▸ TASK DETAILS: The expected answer is the set of lines in the data below between the line holding "在癌症治疗不断进步的今天,越" and the line holding "本作是款具有多种模式的竖屏战", inclusive, written out exactly.

▸ SUPPLIED DATA:
§
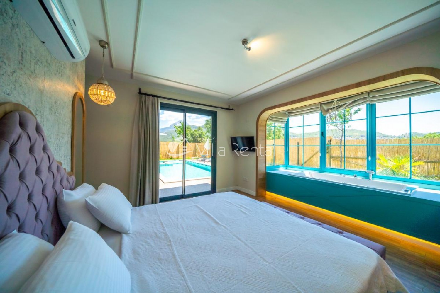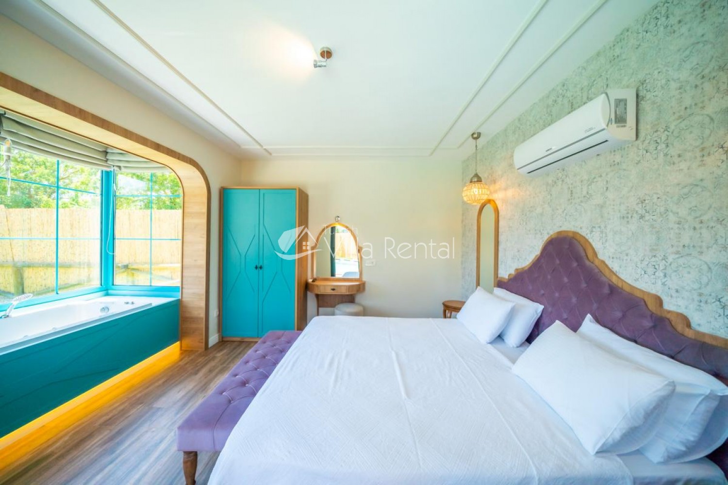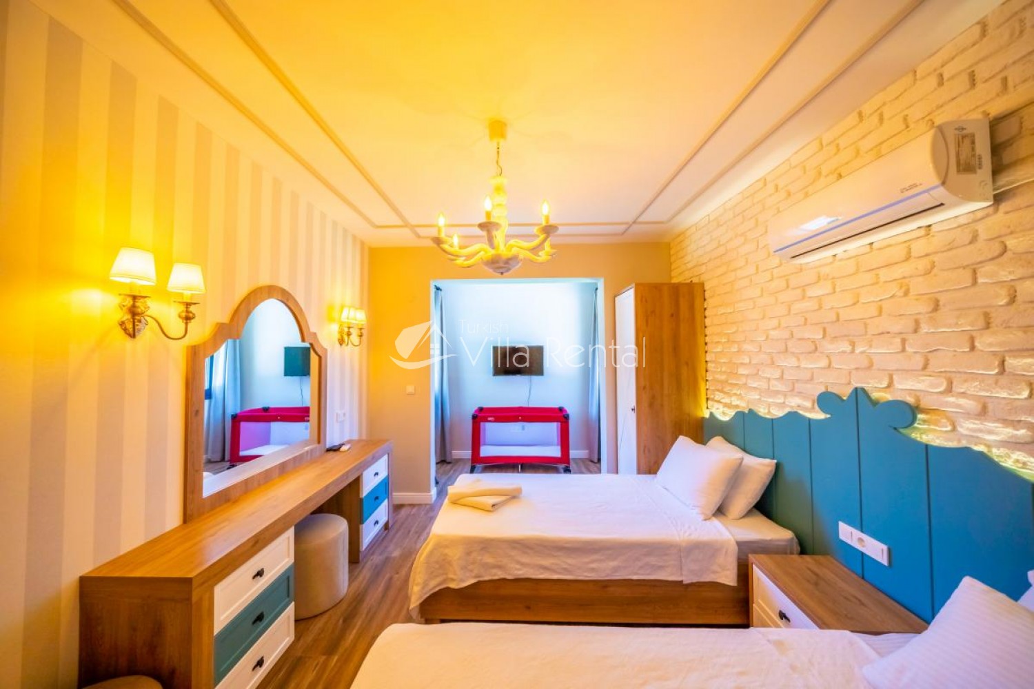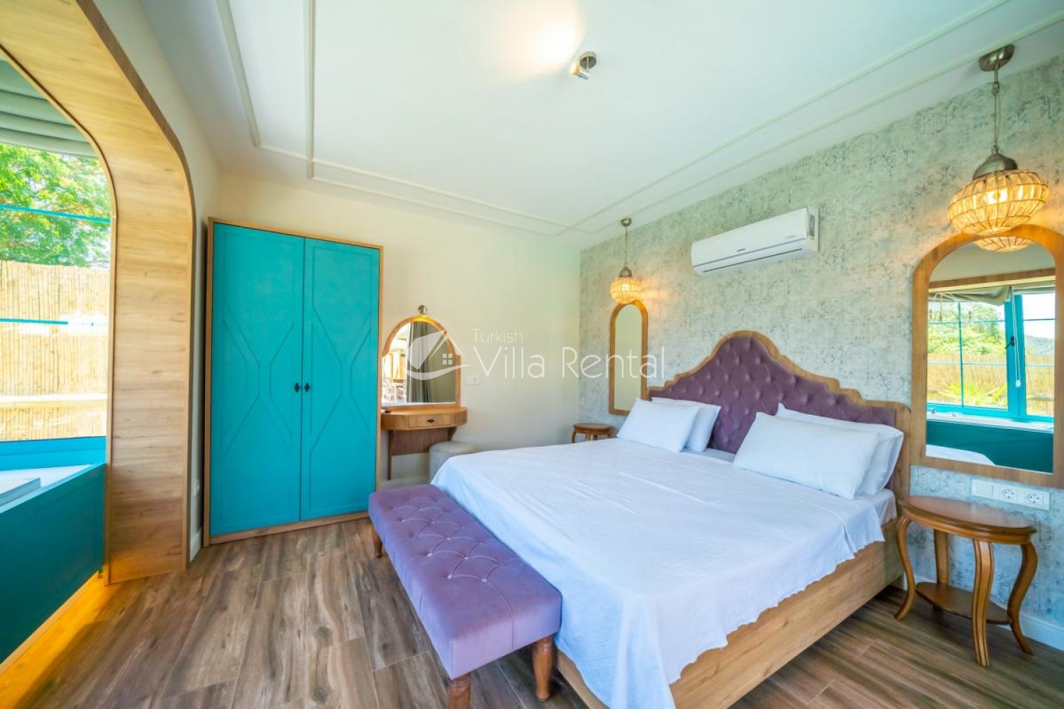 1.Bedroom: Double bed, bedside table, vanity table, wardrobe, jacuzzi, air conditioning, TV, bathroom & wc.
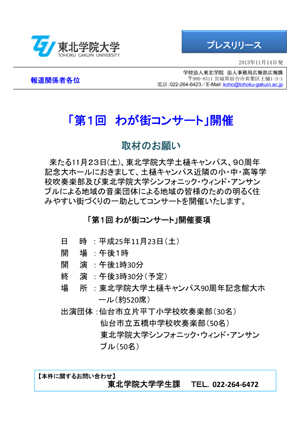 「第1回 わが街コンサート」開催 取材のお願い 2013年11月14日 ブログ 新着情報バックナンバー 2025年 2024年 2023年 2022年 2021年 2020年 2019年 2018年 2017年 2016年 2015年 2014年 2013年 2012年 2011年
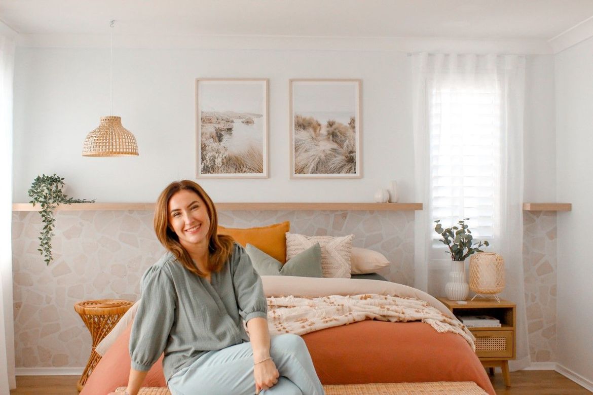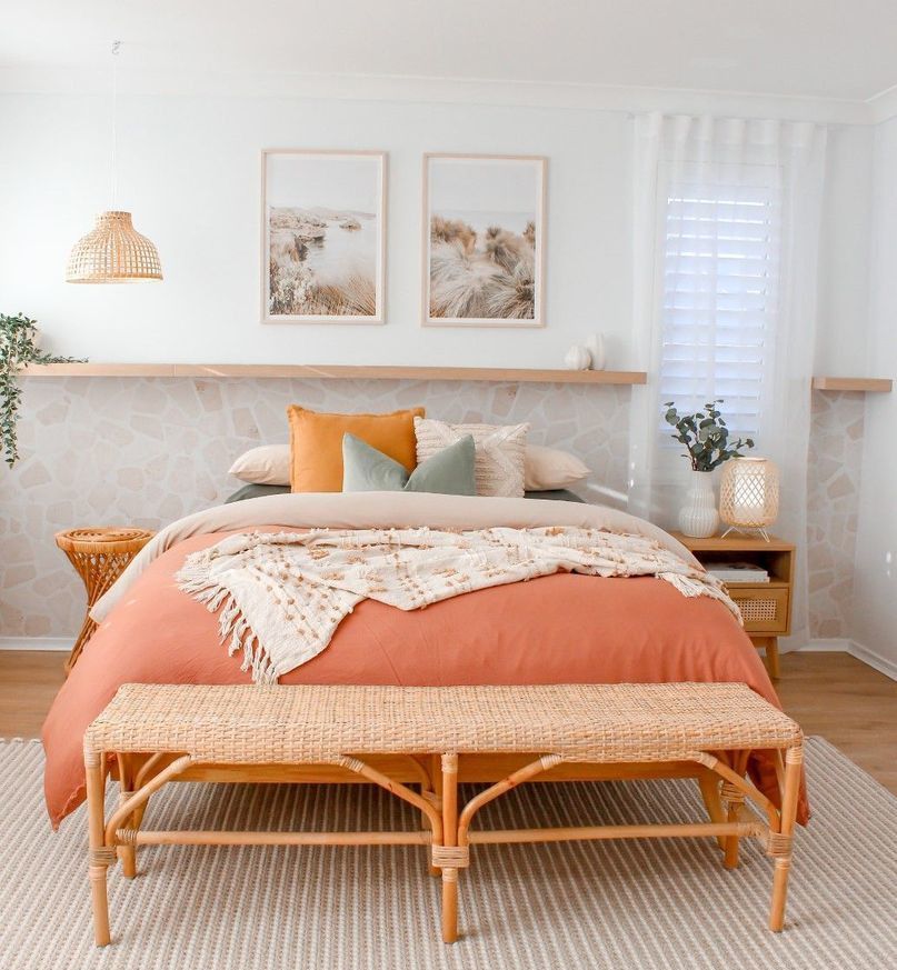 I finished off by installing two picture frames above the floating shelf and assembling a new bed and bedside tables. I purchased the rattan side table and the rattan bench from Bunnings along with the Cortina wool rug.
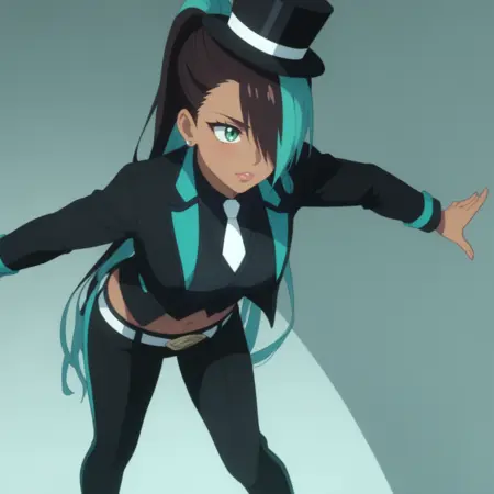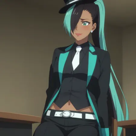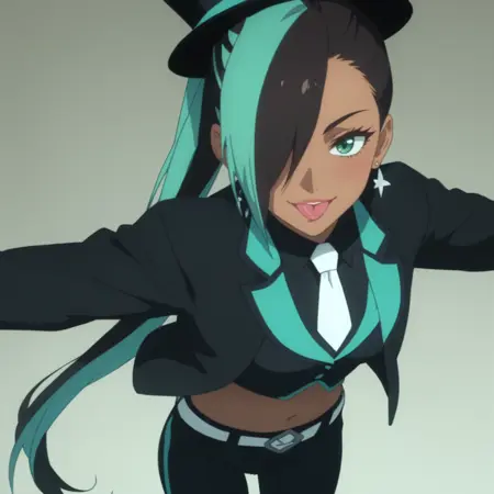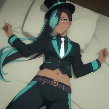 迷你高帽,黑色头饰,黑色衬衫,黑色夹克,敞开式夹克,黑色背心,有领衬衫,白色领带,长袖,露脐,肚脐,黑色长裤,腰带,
§
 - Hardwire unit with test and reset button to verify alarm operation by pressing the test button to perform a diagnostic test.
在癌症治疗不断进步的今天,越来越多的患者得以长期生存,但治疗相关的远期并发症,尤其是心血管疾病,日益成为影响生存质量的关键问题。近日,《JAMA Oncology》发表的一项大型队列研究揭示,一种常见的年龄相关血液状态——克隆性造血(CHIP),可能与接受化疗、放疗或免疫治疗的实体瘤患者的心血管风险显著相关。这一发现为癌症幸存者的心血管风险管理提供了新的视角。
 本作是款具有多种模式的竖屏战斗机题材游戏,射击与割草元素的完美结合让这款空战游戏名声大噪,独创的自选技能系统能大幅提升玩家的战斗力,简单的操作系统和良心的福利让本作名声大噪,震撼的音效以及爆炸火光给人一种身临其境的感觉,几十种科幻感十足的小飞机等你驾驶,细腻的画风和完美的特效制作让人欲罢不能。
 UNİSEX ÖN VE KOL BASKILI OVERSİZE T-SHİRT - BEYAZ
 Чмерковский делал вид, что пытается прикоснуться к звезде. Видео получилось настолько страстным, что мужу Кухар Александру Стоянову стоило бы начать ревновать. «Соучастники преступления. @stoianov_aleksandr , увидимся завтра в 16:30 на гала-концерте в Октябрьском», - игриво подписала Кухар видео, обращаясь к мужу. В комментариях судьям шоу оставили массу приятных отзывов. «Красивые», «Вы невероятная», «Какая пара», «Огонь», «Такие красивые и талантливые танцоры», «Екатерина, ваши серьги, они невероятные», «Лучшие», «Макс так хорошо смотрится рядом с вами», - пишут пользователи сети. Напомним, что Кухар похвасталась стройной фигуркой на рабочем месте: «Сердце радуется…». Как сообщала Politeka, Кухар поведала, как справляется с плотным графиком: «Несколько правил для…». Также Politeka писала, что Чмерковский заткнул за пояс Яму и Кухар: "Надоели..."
§
▸ SOLUTION TO THIS PROBLEM:
在癌症治疗不断进步的今天,越来越多的患者得以长期生存,但治疗相关的远期并发症,尤其是心血管疾病,日益成为影响生存质量的关键问题。近日,《JAMA Oncology》发表的一项大型队列研究揭示,一种常见的年龄相关血液状态——克隆性造血(CHIP),可能与接受化疗、放疗或免疫治疗的实体瘤患者的心血管风险显著相关。这一发现为癌症幸存者的心血管风险管理提供了新的视角。
 本作是款具有多种模式的竖屏战斗机题材游戏,射击与割草元素的完美结合让这款空战游戏名声大噪,独创的自选技能系统能大幅提升玩家的战斗力,简单的操作系统和良心的福利让本作名声大噪,震撼的音效以及爆炸火光给人一种身临其境的感觉,几十种科幻感十足的小飞机等你驾驶,细腻的画风和完美的特效制作让人欲罢不能。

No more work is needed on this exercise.